Friday, February 20, 2009

Economic News - Commercial real estate in disarray

Author: www.ReiBlog.org
Category: News

Fed officials sounding more downbeat

We heard from Atlanta Fed Bank President Lockhart yesterday – certainly seems more negative on the outlook – he said that he expects the economy to be exceptionally soft through mid-year with a muted second-half recovery. He cited many hurdles that will frustrate a meaningful rebound in coming quarters, and has turned his attention to the sagging fortunes of the commercial real estate market, defaults related to refinancing existing properties, problems in emerging markets and rising trade barriers.

California home sales surge again; prices slide again

The Dataquick data showed that once again, forced foreclosure sales triggered a 53% jump in SoCal home sales last month; prices meanwhile plunged 40% to a seven-year low.

Commercial real estate in disarray

A report by the National Association of Realtors showed that in 4Q, commercial real estate prices sagged 14.9% from a year ago – the weakest in 12 years.
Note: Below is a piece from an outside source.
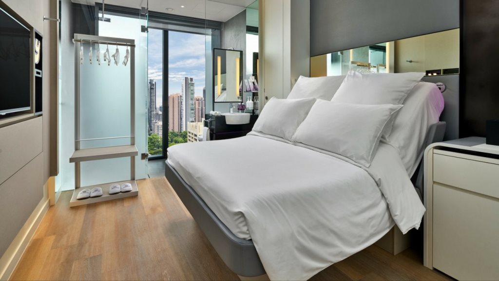 Hotel yang baru dibuka awal Oktober 2017 ini menyuguhkan pemandangan gedung-gedung pencakar langit Singapura yang modern. Terdapat total 610 kamar yang siap melayani tamu lokal dan mancanegara dengan 3 pilihan tipe kamar yaitu VIP Suites Cabin, First Class with Deck Cabin dan Premium Queen Cabin (yang terbagi lagi menjadi with Premium Queen bunk, with view, with deck). Kami sekeluarga menginap di Premium Queen Cabin with bunk. Ohya instead of kamar, Yotel Singapore menyebut kamar-kamar mereka dengan istilah cabin. Sweet! Sounds luxurious, right? Dan emang lux kamarnya :* semua ranjang menggunakan Serta dan semua kamarnya punya plafon yang tinggi jadi terasa lega.

May want to screen for refinancing risk

If you’re going to start loading up on corporate credit, you may want to screen for refinancing risk: Moody’s said yesterday that US companies have $26 billion of speculative-grade debt coming due this year, $44 billion in 2010 and $120 billion in 2011. The data go back 11 years, and refunding needs have never been this high.

Gold retains its allure

The yellow metal has hung in great even in the face of rising gold scrap coming to the market (+15 YoY) and reduced demand for jewelry (-5.5%). The reality is that gold is regarded as a hedge against both inflation and deflation, zero short-term interest rates, heightened protectionism and currency debasement. Global buying of gold bars and coins in 4Q reached 148.5 tons – an 811% surge from a year ago. Retail investing (304.2 tons) soared 400% – it’s this herd mentality that has our colleague, Rich Bernstein, a tad worried about a mania developing. But speculative fervor is not as evident as it was at the last test of $1,000 in 2007 – at that time, investment flows into ETFs were 150 tons versus 94.7 tons in the latest quarter.